## Material for the task
——————

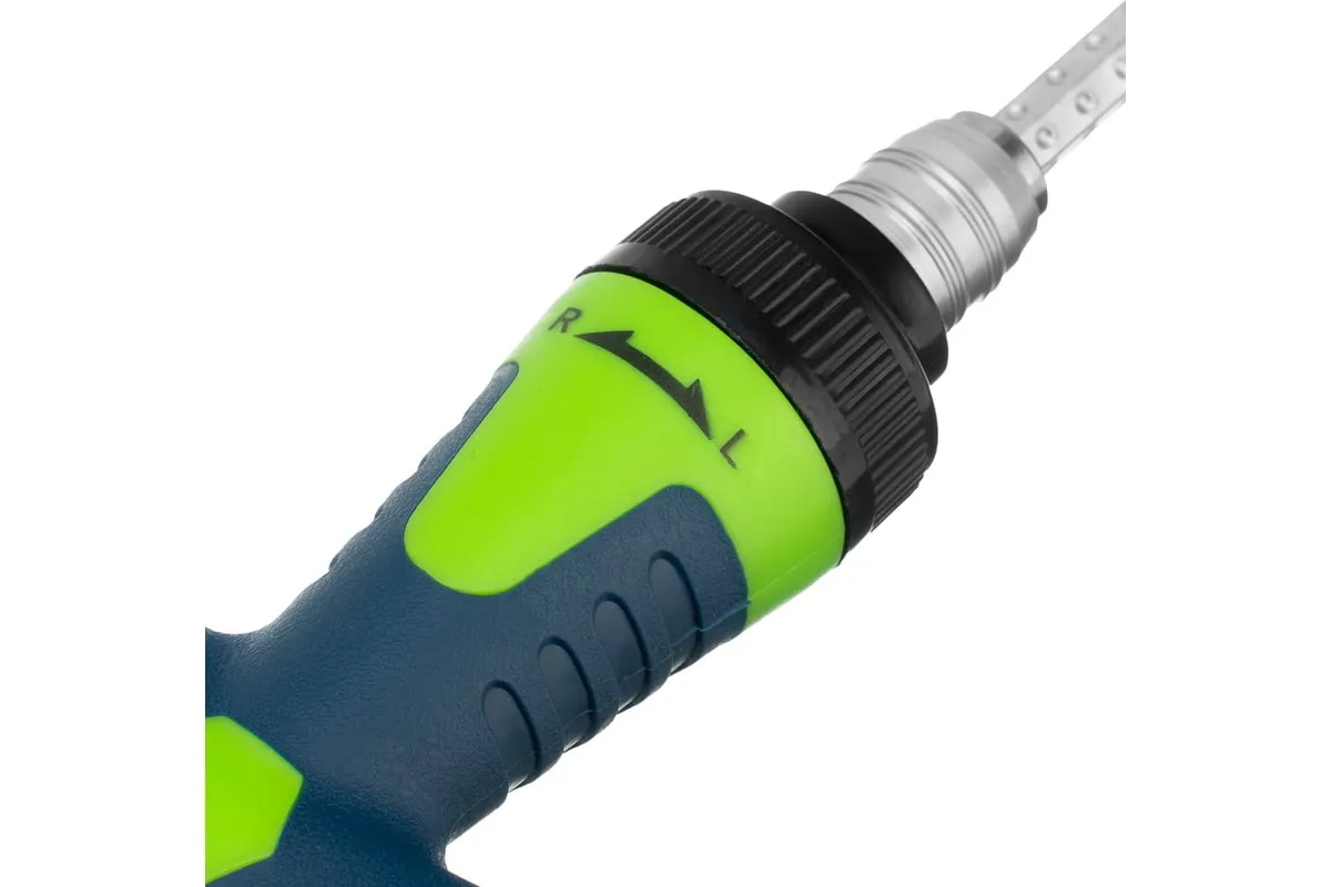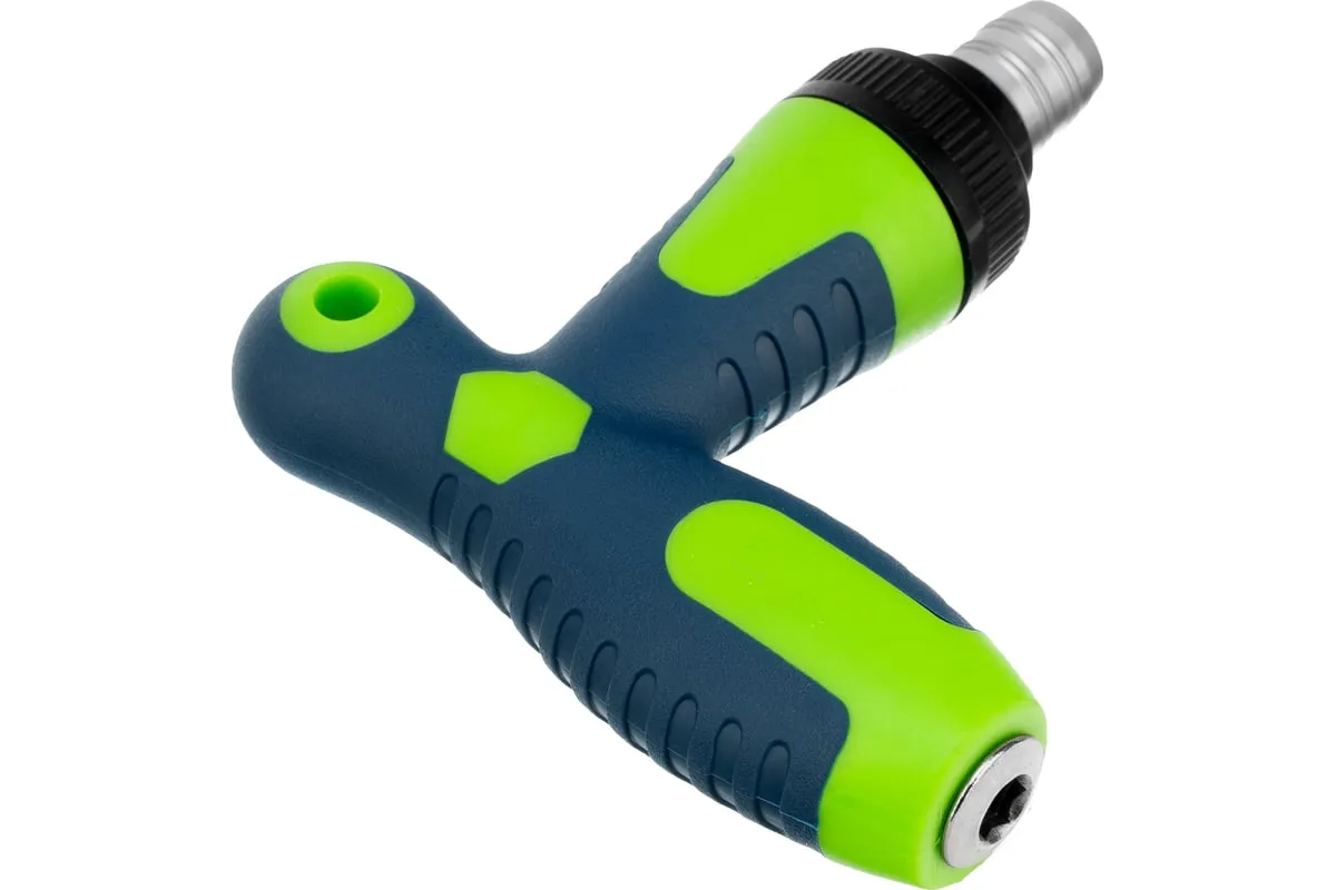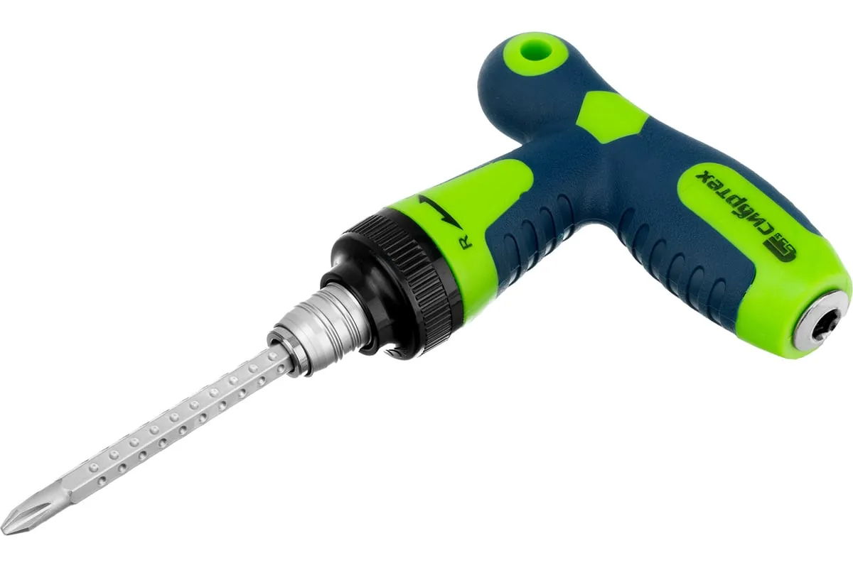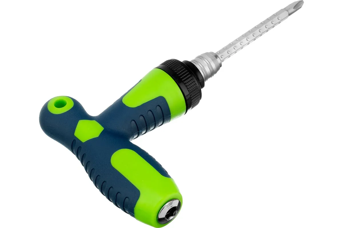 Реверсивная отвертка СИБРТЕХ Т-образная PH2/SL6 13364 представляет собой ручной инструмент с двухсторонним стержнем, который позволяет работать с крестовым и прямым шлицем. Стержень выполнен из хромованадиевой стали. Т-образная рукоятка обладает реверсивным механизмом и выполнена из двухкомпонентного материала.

——————

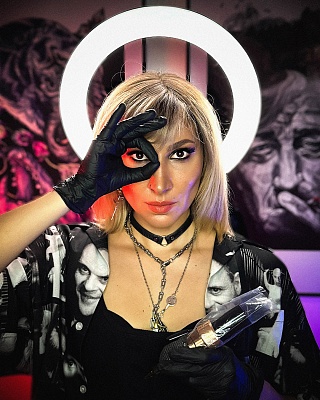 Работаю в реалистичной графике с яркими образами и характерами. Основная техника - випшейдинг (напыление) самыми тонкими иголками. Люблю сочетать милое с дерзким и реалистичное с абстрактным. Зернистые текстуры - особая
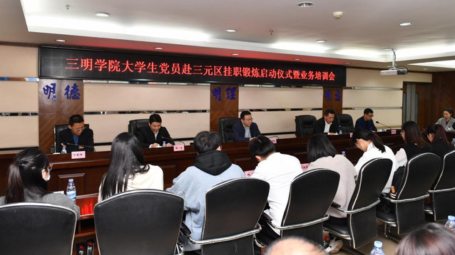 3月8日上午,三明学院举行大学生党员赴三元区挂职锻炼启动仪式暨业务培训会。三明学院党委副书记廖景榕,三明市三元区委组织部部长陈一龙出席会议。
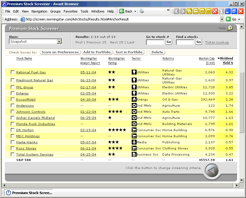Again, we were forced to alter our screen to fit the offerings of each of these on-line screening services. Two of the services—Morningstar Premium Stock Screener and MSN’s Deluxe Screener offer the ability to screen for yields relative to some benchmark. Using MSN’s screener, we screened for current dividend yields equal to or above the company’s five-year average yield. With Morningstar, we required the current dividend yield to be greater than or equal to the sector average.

——————

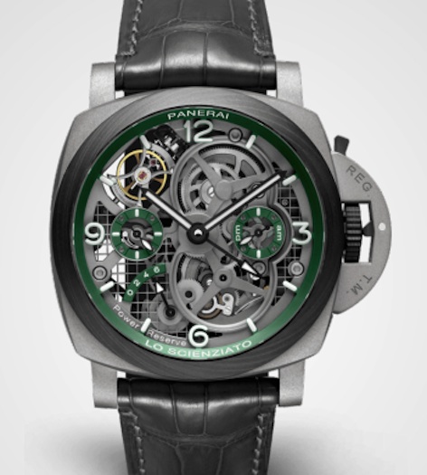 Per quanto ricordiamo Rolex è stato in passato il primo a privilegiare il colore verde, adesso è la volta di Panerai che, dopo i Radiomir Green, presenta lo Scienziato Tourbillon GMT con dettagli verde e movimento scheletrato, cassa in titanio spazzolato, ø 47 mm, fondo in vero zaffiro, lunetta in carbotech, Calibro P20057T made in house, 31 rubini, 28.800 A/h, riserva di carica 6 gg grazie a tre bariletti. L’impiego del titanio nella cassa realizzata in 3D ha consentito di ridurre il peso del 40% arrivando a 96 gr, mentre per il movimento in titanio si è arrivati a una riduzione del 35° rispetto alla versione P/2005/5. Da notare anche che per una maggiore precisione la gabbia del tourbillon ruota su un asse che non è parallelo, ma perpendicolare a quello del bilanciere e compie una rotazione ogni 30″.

——————

## Exercise brief
Give exactly the lines above that run from the line with "Работаю в реалистичной" to the line with "3月8日上午,三明学院举行大", both included, leaving every picture out.

## Task result
 Работаю в реалистичной графике с яркими образами и характерами. Основная техника - випшейдинг (напыление) самыми тонкими иголками. Люблю сочетать милое с дерзким и реалистичное с абстрактным. Зернистые текстуры - особая
 3月8日上午,三明学院举行大学生党员赴三元区挂职锻炼启动仪式暨业务培训会。三明学院党委副书记廖景榕,三明市三元区委组织部部长陈一龙出席会议。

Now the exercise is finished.